When I came to Over-the-Rhine, I was looking for a life-changing experience that would alter my course. I was looking for a push that would move the idea of serving others from an intellectual ideal to reality. I was looking for an opportunity to better understand why design matters and what it could mean to be a socially conscious architect. I arrived armed with all these expectations about what I thought I would learn and how we would learn them.

Before my time in Over-the-Rhine, I never questioned why the world works the way it does. I assumed that government, the market, and development would always operate for the greatest good. Topics like homelessness, joblessness, gentrification, living wage, and affordable health care were all disconnected issues that didn’t really affect my life. Justice was an abstract term for something that happened in the movies when the bad guy gets arrested or the villain is foiled. I was deeply apathetic to the implications of policy, politics, and law. Apathy was easier than caring, because to care meant shouldering the sorrow of so many wrongs in the world. I couldn’t have known back then how much I would come to grow and learn.

I remember moving into our building, struggling to carry my boxes up four flights of stairs in the August heat. Street people—neighborhood people—offered to help, which was strange and nice and felt somehow dangerous. I roamed the neighborhood in those early days, kept to myself, and wondered how I could avoid these people.

I remember our first journaling circle, shoulder-to-shoulder in the intern house living room. Bonnie lit the candle, read us a poem and told us that discovering our own story was the key to understanding this new place. I was skeptical that scribbling about tools or fruit could help me process anything.

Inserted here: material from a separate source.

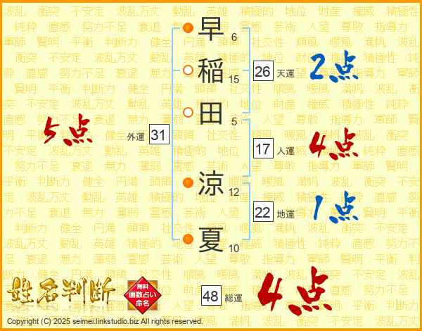 早稲田涼夏さんの総運は48画の4点!

I remember the sweat and grime of work at our Design/Build site. We used our hands by day, then our minds in class by night. Long discussions with teachers, peers, and community people challenged deep-rooted beliefs. What do people need to survive? What are basic human rights? Who benefits in society and who doesn’t? What are the roles and responsibilities of government?

In all these places over four months, we interns built relationships, heard stories, studied issues, and processed this experience together. My own story and memories whispered to me. I realized I was effected by injustice like these neighborhood people. I realized I walk the tightrope of being trapped in poverty like my family and privileged into success because of my race and education. I realized love is dealt in action.

I repeat the Lilla Watson quote often: “If you have come here to help me, you are wasting our time. But if you have come because your liberation is bound up with mine, then let us work together.” There is fear and misunderstanding at the root of many social issues. If we only learn to empathize with people who are different and try to understand them as we understand ourselves, valuable progress will be made.

The great challenges of our society are intertwined and there aren’t easy answers to solve the injustice that happens all around us. But when we open our eyes and listen to the troubles of our neighbors, we soon realize that we have much in common. We recognize the burdens of the least actually affect us all and that working together, we can better society for everyone. No matter a person’s class, race, gender, background, successes or mistakes, we are all valuable citizens that deserve to live.

I’ve finally woken up. When I do eventually leave this place, I’ll bring a newly built worldview with me. Through my experiences and relationships in this neighborhood, I see a world that desperately needs each person to be a critical citizen. I see that we all need to engage in our communities and understand that our choices affect other people. The world is shaped by action, not by “that’s just the way it is.